### Task item
Below are the records; give again exactly the lines from the one containing "Sunjoy Group 11" through the one containing "制作torrent时,若勾选", leaving out pictures.

### Data to examine
>>

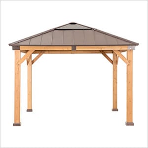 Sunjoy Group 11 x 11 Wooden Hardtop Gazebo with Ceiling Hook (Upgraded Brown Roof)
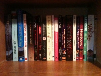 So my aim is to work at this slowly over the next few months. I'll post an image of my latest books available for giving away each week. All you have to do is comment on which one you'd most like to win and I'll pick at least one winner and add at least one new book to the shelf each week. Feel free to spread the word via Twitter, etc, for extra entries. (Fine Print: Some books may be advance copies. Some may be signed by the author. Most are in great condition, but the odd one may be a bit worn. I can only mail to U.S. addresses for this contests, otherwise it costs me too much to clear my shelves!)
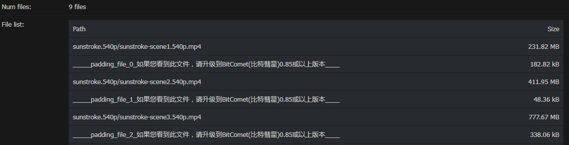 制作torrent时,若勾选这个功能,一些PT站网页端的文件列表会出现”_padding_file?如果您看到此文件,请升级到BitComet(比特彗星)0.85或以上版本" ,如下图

<<
>>

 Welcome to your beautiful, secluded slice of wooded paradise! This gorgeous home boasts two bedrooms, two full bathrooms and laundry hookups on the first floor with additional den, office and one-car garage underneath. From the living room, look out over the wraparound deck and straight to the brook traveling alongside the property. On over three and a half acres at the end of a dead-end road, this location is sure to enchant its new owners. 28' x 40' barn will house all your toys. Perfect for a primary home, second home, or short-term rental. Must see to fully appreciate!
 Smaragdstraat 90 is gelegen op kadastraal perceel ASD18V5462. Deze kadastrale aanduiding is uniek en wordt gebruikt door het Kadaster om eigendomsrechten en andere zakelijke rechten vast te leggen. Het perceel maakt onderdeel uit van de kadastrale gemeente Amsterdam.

<<

### Finished task
 Sunjoy Group 11 x 11 Wooden Hardtop Gazebo with Ceiling Hook (Upgraded Brown Roof)
 So my aim is to work at this slowly over the next few months. I'll post an image of my latest books available for giving away each week. All you have to do is comment on which one you'd most like to win and I'll pick at least one winner and add at least one new book to the shelf each week. Feel free to spread the word via Twitter, etc, for extra entries. (Fine Print: Some books may be advance copies. Some may be signed by the author. Most are in great condition, but the odd one may be a bit worn. I can only mail to U.S. addresses for this contests, otherwise it costs me too much to clear my shelves!)
 制作torrent时,若勾选这个功能,一些PT站网页端的文件列表会出现”_padding_file?如果您看到此文件,请升级到BitComet(比特彗星)0.85或以上版本" ,如下图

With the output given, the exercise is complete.